== THE DATA ==
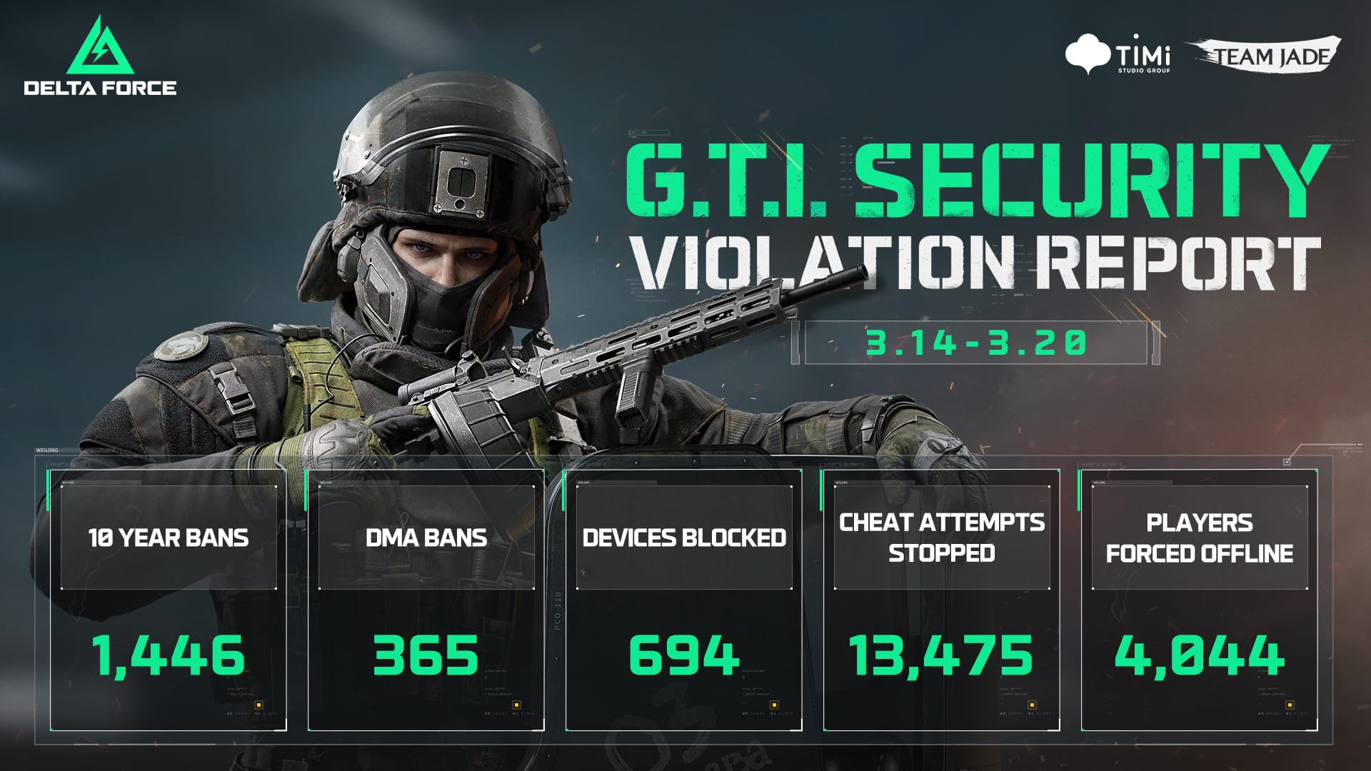 694 appareils ont été bloqués, plus de 13 000 tentatives de triche ont été arrêtées, et plus de 4 000 joueurs ont été rejetés du multi en ligne. En janvier dernier, à la fin de la saison « Genesis », Delta Force avait infligé des bans de 10 ans à 7 305 malandrins !
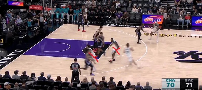 黄蜂阵地战的L系列跑位战术,克尼普尔从底角启动,先借布里奇斯掩护随后从中路走迪亚巴特掩护兜出,本质是gut stagger的起手,克利夫德示意德罗赞提前换防,
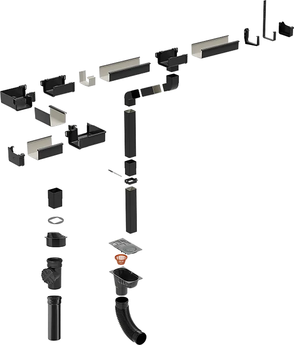 Elegantā un modernā forma padara jauno kvadrātveida PVC lietusūdens noteksistēmu ideāli piemērotu jaunākajām būvniecības tendencēm un ēku īpašnieku estētiskajām prasībām.
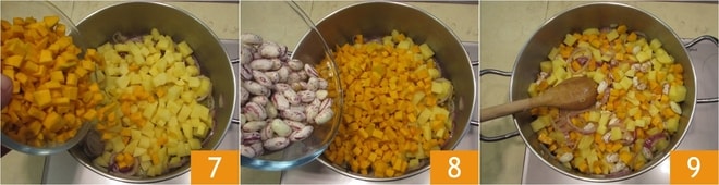 Ajoutez également la courge 7 et les haricots 8 et mélangez pendant 3-4 minutes à feu moyen 9.
===
> **TASK DESCRIPTION**
Please write out all the data word for word, but keep every picture out.

> **ANSWER FOR THIS EXERCISE**
 694 appareils ont été bloqués, plus de 13 000 tentatives de triche ont été arrêtées, et plus de 4 000 joueurs ont été rejetés du multi en ligne. En janvier dernier, à la fin de la saison « Genesis », Delta Force avait infligé des bans de 10 ans à 7 305 malandrins !
 黄蜂阵地战的L系列跑位战术,克尼普尔从底角启动,先借布里奇斯掩护随后从中路走迪亚巴特掩护兜出,本质是gut stagger的起手,克利夫德示意德罗赞提前换防,
 Elegantā un modernā forma padara jauno kvadrātveida PVC lietusūdens noteksistēmu ideāli piemērotu jaunākajām būvniecības tendencēm un ēku īpašnieku estētiskajām prasībām.
 Ajoutez également la courge 7 et les haricots 8 et mélangez pendant 3-4 minutes à feu moyen 9.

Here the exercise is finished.